Template discrepancy discovered during analysis
The current sql_schema_table_create.mustache validation function only supports two
tenant modes: system (validate against ores_utility_system_tenant_id_fn()) or tenant
(validate against p_tenant_id). But the actual generated SQL for rounding_type,
monetary_nature, and currency_market_tier uses tenant_id in (p_tenant_id, system_tenant)
— a third mode that the template cannot currently reproduce cleanly. The source SQL files
are the ground truth; the template must be fixed to match. The unified model's
validation_fn.tenant_scope = "both" flag covers this case.
Component naming mismatch discovered during analysis
Running all-cpp on the auxiliary type domain_entity models (rounding_type,
monetary_nature, currency_market_tier) wrote C++ files to a new
projects/ores.refdata/ directory rather than to projects/ores.refdata.api/ and
projects/ores.refdata.core/ where the actual production code lives. The models have
component: "refdata" but the project structure uses a two-project split (.api for
headers, .core for implementations). The generated files were untracked (and therefore
reported as "zero git diff" — misleading). The spurious directory was deleted as cleanup.
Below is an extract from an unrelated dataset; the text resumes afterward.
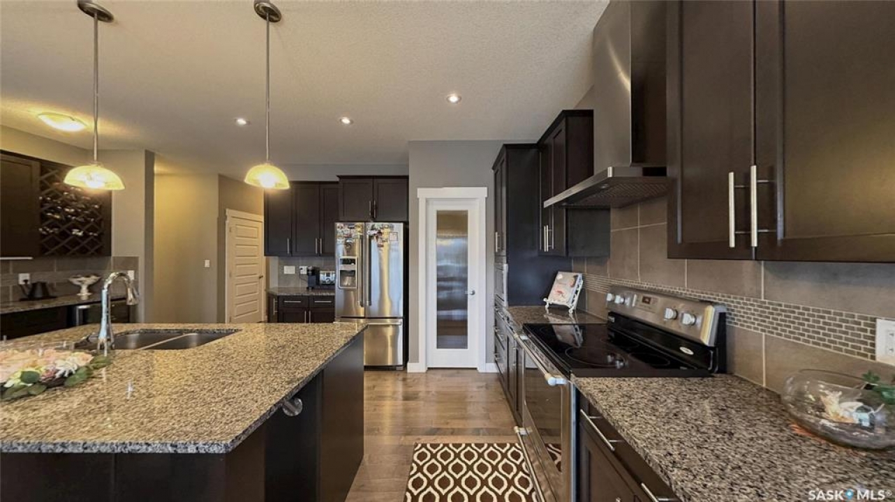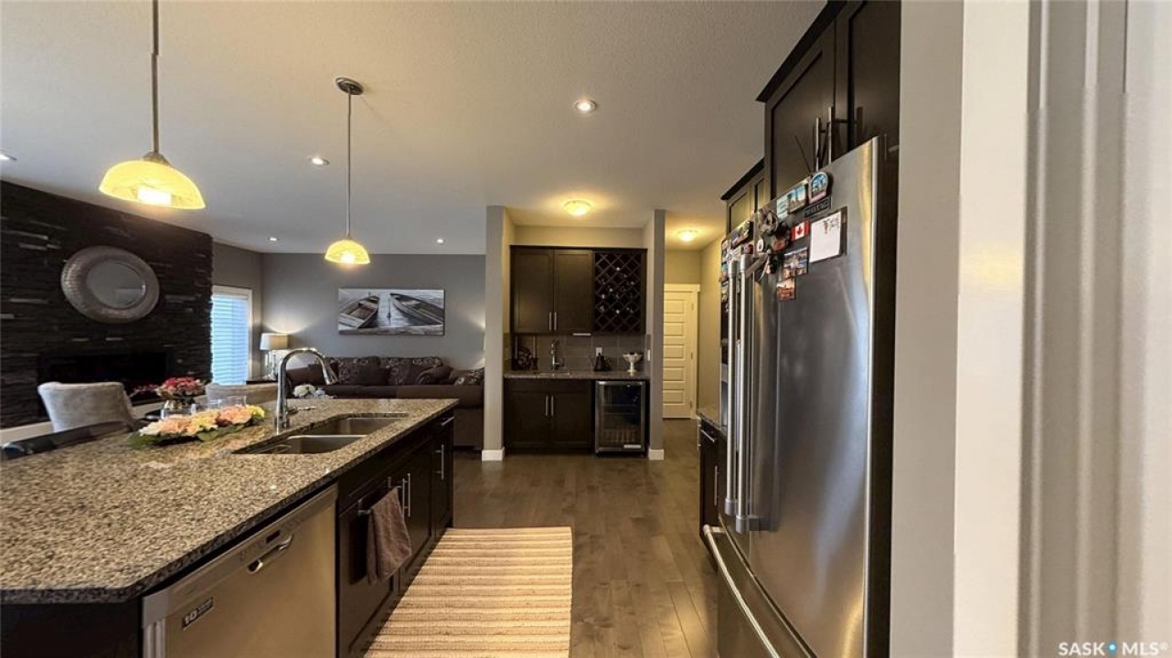 Situated in the prestigious community of Rosewood, this exquisitely appointed 4-bedroom, 4-bathroom residence offers an exceptional blend of refined elegance and modern functionality, complete with a fully finished basement. The main floor showcases an open-concept design featuring a striking feature wall with a gas fireplace in the living room, an elegant wet bar with a built-in wine rack, and a chef-inspired kitchen adorned with granite countertops, premium stainless steel appliances, and superior custom cabinetry. A sun-drenched dining area sits beside expansive patio doors, creating a seamless transition to the outdoors. The upper level boasts a spacious bonus room, two well-proportioned bedrooms, a stylish 4-piece bathroom, and a thoughtfully placed laundry room for added convenience. The luxurious primary suite is a true sanctuary, enhanced by an electric fireplace and a spa-like 5-piece ensuite with dual vanities, a soaker tub, and a separate shower. The fully developed lower level extends the living space with a generous family room featuring a second wet bar, a private den, an additional bedroom, and a contemporary 3-piece bath. Ideally located with a school directly behind the property and mere moments from parks, major thoroughfares, and all essential amenities, this home offers an unparalleled lifestyle of comfort and sophistication. Call your favourite Realtor � to book your showing. Buyers & Buyers' Realtor � to verify all measurements.

This means the reported parity for the three auxiliaries was incorrect: the C++ parity
verification task must be redone once the codegen story resolves the component naming
issue (component_include / component_core fields in the models).
The --profile all footgun
The all profile runs sql + all-cpp. For entities that have both _entity.json (production
SQL) and _domain_entity.json (C++), running --profile all on the domain entity model
silently overwrites the production SQL with the simpler domain_entity SQL template. This
was triggered during the currency commissioning story. codegen.py must make this
impossible, either by refusing to run SQL generation when a corresponding _entity.json
exists, or by deprecating --profile all entirely.